▶ [Problem details] For the entries below, return the line holding "Students taking the" together with all lines after it, unchanged, and leave every picture out.

Data extracted from a collection
=== Section Start ===
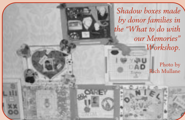
Shadow boxes made by donor families in the “What to do with our Memories” Workshop.

FIRST, I HAVE YET TO SEE a patient who was not extremely grateful for “the gift of life”—so much so that often the recipient is overwhelmed by the enormity of the gift and the generous spirit which these families possess at such a tragic moment in their lives. The recipient is always aware of the fact that while he or she is always elated at beating death, there is a family out there somewhere planning a funeral. This naturally leads to a sense of “survivor guilt” that often causes him or her to question his or her own worthiness of this precious gift. Frequently, the recipient has also come to know fellow transplant candidates from education classes, support groups and clinic waiting rooms. Candidates often ask about one another when they have not seen someone for a period of time.
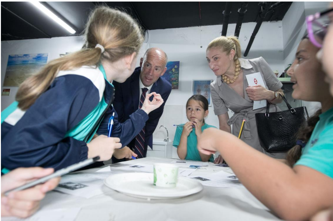
The STEM Camps @ Aquarium impart a hands-on experience to Year 4 students
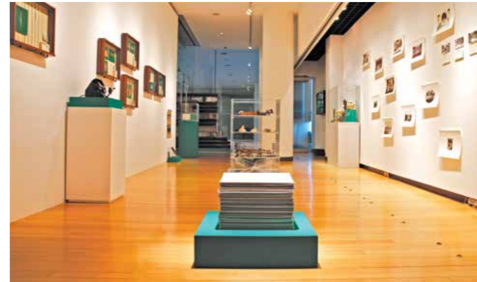
Students taking the Minor in Art History can attend classes within museum galleries

NUS students keen to learn more about the arts can now opt to pursue a Minor in Art History.
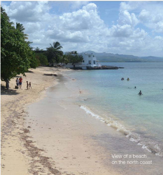
View of a beach on the north coast
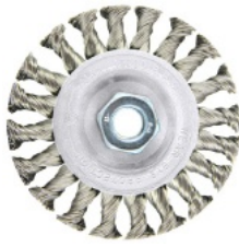
Wire Wheels & Brushes
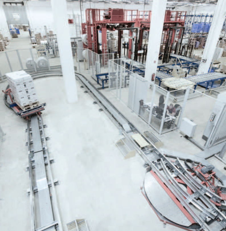
Transport between points of demand via a rail guided vehicle system
=== Section End ===
▶ [Response to this exercise]
Students taking the Minor in Art History can attend classes within museum galleries

NUS students keen to learn more about the arts can now opt to pursue a Minor in Art History.
View of a beach on the north coast
Wire Wheels & Brushes
Transport between points of demand via a rail guided vehicle system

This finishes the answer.